The bottleneck is compute and data, not the model. That's why they could only gate it for a bit. The ITAR thing proves it: no nationality controls in place, so the only option was killing the whole thing. Not exactly what an all-powerful gatekeeper does.

> The whole thesis falls apart though. You can't be on your way to "power over everything" and get distilled into free Chinese models within months. Pick one.

But is that last part actually true though? Sure, there might be 600B+ models available for download and local inference if you have the hardware, but does the users who use Anthropic switch over to those even if they're available even as hosted models? Seems like some do, most don't, Anthropic and Claude remains very popular among the people who use LLMs, there is no denying that.

  • > does the users who use Anthropic switch over to those even if they're available even as hosted models?

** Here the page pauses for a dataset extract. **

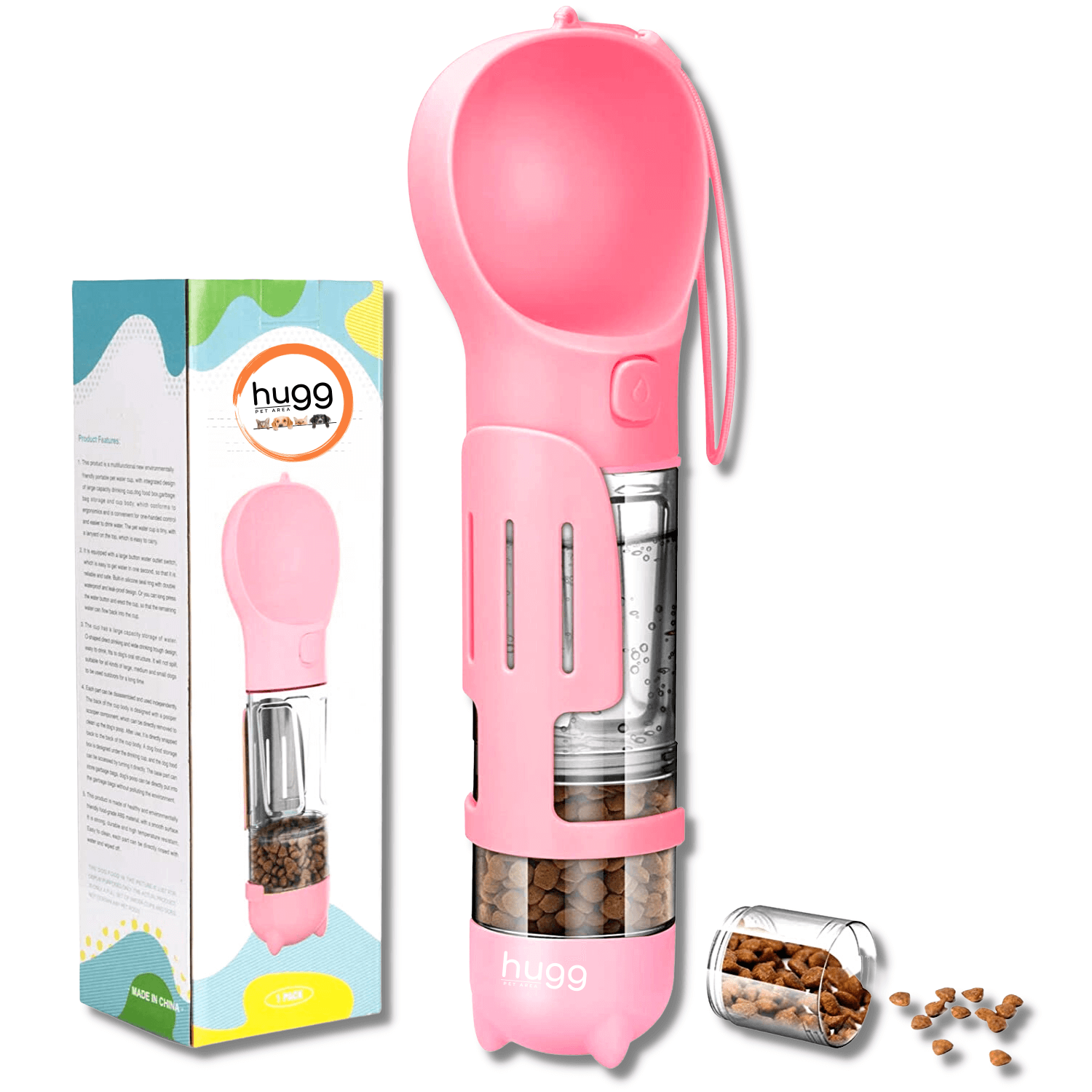 Sticla Apa Portabila 3-in-1, HUGG®, 500ML, pentru Apa, Mancare si Saci Igienici, Roz

    I'm currently spending $200 for Claude. That's around my maximum that I can afford. I could stretch that to $500 I guess. But I saw reports of people spending tens of thousands of dollars with Claude API. That's certainly outside of my budget.

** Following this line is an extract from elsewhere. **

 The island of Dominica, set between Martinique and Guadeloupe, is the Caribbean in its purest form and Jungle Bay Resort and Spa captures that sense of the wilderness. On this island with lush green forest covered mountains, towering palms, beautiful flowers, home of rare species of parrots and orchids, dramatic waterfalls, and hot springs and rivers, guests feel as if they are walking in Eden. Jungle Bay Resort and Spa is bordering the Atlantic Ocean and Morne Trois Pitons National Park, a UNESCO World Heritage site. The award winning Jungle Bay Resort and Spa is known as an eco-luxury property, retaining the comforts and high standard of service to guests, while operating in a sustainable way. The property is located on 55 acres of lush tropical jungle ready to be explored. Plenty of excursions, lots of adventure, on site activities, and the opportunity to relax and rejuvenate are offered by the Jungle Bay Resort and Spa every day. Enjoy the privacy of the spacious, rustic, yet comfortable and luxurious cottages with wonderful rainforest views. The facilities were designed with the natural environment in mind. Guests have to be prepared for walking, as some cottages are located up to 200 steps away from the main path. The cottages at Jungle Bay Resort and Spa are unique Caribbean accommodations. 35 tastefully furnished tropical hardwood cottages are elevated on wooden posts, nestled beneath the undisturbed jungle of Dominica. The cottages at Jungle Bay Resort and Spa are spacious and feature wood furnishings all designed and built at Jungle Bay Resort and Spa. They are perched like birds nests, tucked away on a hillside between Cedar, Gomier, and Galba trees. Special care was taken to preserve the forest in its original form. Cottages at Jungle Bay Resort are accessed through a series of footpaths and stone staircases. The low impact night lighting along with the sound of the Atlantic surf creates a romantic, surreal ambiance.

    So if/when Anthropic decides to stop subsidizing subscription (if they ever do that thing, I still not sure about that), I'll certainly look at the other options. And available "open weights" LLMs hosted by someone will be my first pick. Right now Claude 4.8 feels very advanced, but things move very fast...

    • The ai labs would be very dumb to get rid of subscriptions. First, I don’t even think the subscriptions are losing money, I suspect they’re around break even, maybe small loses. More importantly, the subscriptions are how they lock in users and convince companies to pay api rates. Without user loyalty that they cultivate with subscriptions businesses will just use the cheapest model on open router or maybe local models.

      5 replies →

  • People dont pivot on a dime. If there stopped being major model improvements for a few years and equivalent free models have been out during the same period, we will see people slowly move over to competitors.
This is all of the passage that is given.